When Hurricane Maria devastated Puerto Rico in September 2017, the trail of destruction stretched across the island and halted essential services, such as power and water, for months. The aftermath was arduous, and deadly. On August 28, the Puerto Rican government changed the official death count from 64 to 2,975. The story here is just one of thousands, and conveys just a sliver of the loss and pain from the storm.

A day doesn’t go by without Luisa Roque going over the details of everything that happened during the weeks after Hurricane Maria hit her community in Puerto Rico. All the “what ifs...” and endless questions are constantly hammering in her head. It’s still very difficult for her to talk about the devastating days that led up to the death of her mother, Eduviges, who suffered from pulmonary fibrosis (chronic lung disease).

One day, she reports, “I heard her move around the house in the early morning hours. Worried, I got up and went to her room. She was sitting on the bed trying to lie down but she had no strength left. I went to hold her and said, ‘We’re going to the emergency room right now.’ She looked at me and whispered, ‘I can’t.’ My husband helped me stretch her on the bed. Then I heard her last breath and she was gone. I wailed and wailed so loud the whole neighborhood heard me.”

Eduviges, a retired teacher, taught for a while in a school building with asbestos. Until Hurricane Maria, she was an active woman who took care of herself and managed her disease. She took her medication, slept connected to an oxygen concentrator, and gave herself respiratory therapy during the day.

However, the storm changed everything. Eduviges lived with her daughter, Luisa (a jewelry designer) in a small house partially made of wood. Hurricane Maria blew out the whole front of Luisa’s house and flooded everything. The house, like every house on the island, had no water, no electricity, and no phone connectivity. While Luisa had moved her mother to a relative’s house during the storm, her mother insisted on moving back one week after the hurricane. It’s where she wanted to be.

Then the nightmare started. To enable Eduviges to give herself respiratory therapy once in a while, Luisa asked a neighbor to connect an extension cord to their small generator (although she never connected the oxygen concentrator at night). Since people with pulmonary fibrosis are at extreme risk to any infectious disease or any bacteria, Luisa was constantly trying to disinfect every corner of the house. Still, more days of heavy rainfall would come, and the house would flood again and again. Her mother insisted on helping get the water out.

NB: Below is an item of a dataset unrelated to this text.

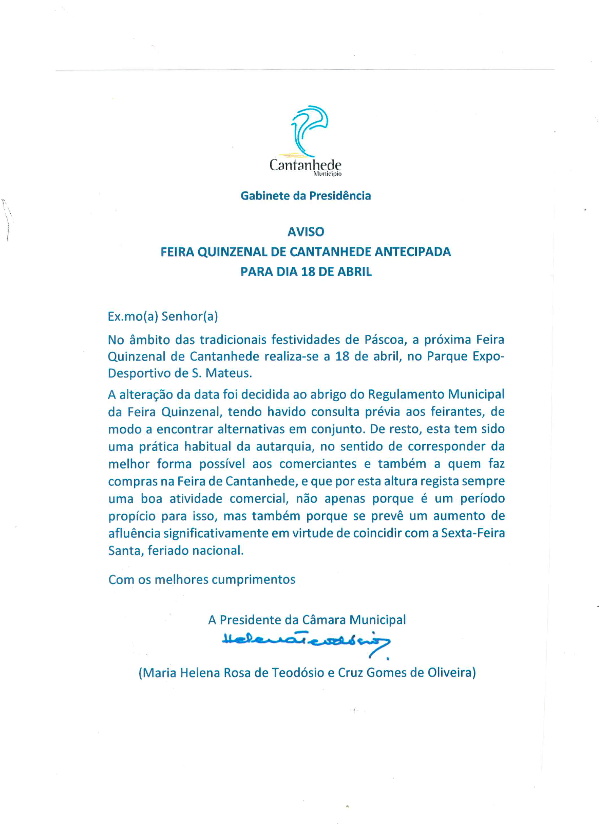 Aviso CM Cantanhede - Feira Quinzenal de Cant...
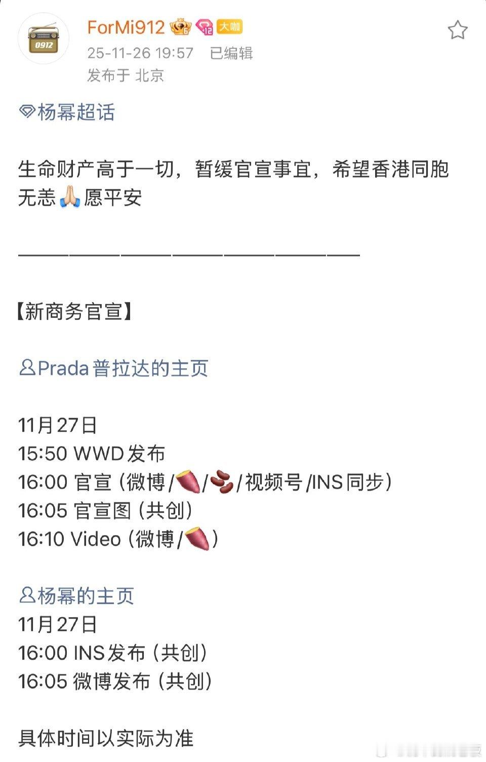 杨幂暂缓官宣这波格局太圈粉了!香港火灾当前,果断连夜联系暂缓Prada官宣,把公共关切放在首位。曾为国家主权果断解约问题品牌,多年深耕公益帮扶困境儿童,她的善意从不是作秀。 顶奢代言可等,民生为重不能等,用行动诠释了何为公众人物的责任与担当!

Soon, Eduviges’s health began to deteriorate. On various occasions, Luisa took her mother to the doctor who had always treated her; however, he was enduring difficult conditions as well, and all he could do was prescribe antibiotics. He didn’t want her to go anywhere near an emergency room, as it was the most dangerous place for her in the present circumstances. Electricity in most emergency rooms and clinics was not reliable. The rooms were full, the waits were long, and trying to disinfect was a constant challenge – meaning she could have been exposed to disease, bacteria, dust, and mold.

Luisa knew her mother was getting worse, and felt the guilt of impotence. Every time she needed to make a call, she had to drive out of her neighborhood to try to get connectivity. It was scary. What if she needed to call 911, an ambulance, or someone to come help her?

Luisa’s mother died on November 22, 2017, roughly two months after Hurricane Maria. Her death is just one of many considered by different studies as a direct consequence of the storm’s aftermath.

To this day, Luisa ponders questions to which she knows there are no answers. What else could she have done to help her mother without electricity and access to proper care? Could Eduviges have enjoyed more years of life with her family under different circumstances? Is the hurricane the only factor to blame?

These questions haunt Luisa, and hang over an island still reeling and still on a long road to recovery.